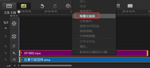 3、然后同时选中声音轨和音乐轨上的音乐,右击选择等量化音频,就能听到视频的声音和背景音乐的声音同样高了。
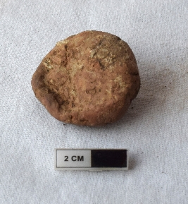 | Description / विवरण | It is an almost circular terracotta sealing of baked clay, the impression is not clear due to weathering. |
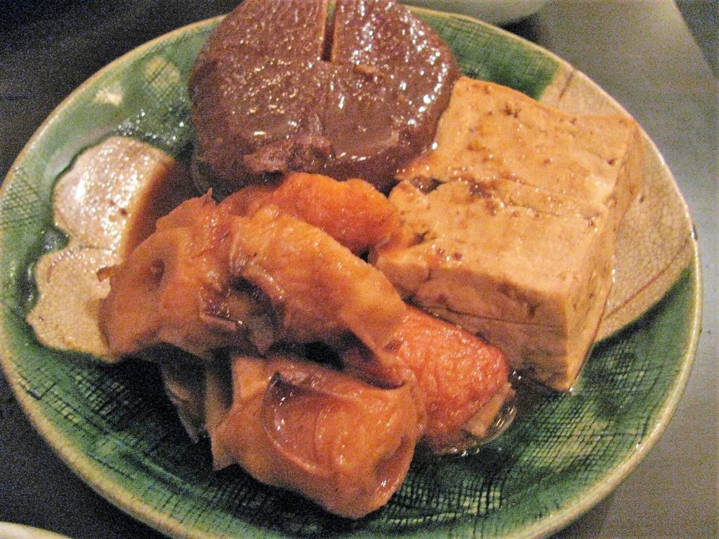 やっとテーブル席に落ち着いた小生たち、何事もなかったようにジャンジャン発注です。まずは、ここの売りの「名古屋みそおでん」からです。女性スタッフによると、おでんは全て2つにカットされているので、2つ注文する必要がないのだそうです。

Instructions for the task → Write out every line of the listing exactly as written, and leave the pictures out.

Response area →
 3、然后同时选中声音轨和音乐轨上的音乐,右击选择等量化音频,就能听到视频的声音和背景音乐的声音同样高了。
 | Description / विवरण | It is an almost circular terracotta sealing of baked clay, the impression is not clear due to weathering. |
 やっとテーブル席に落ち着いた小生たち、何事もなかったようにジャンジャン発注です。まずは、ここの売りの「名古屋みそおでん」からです。女性スタッフによると、おでんは全て2つにカットされているので、2つ注文する必要がないのだそうです。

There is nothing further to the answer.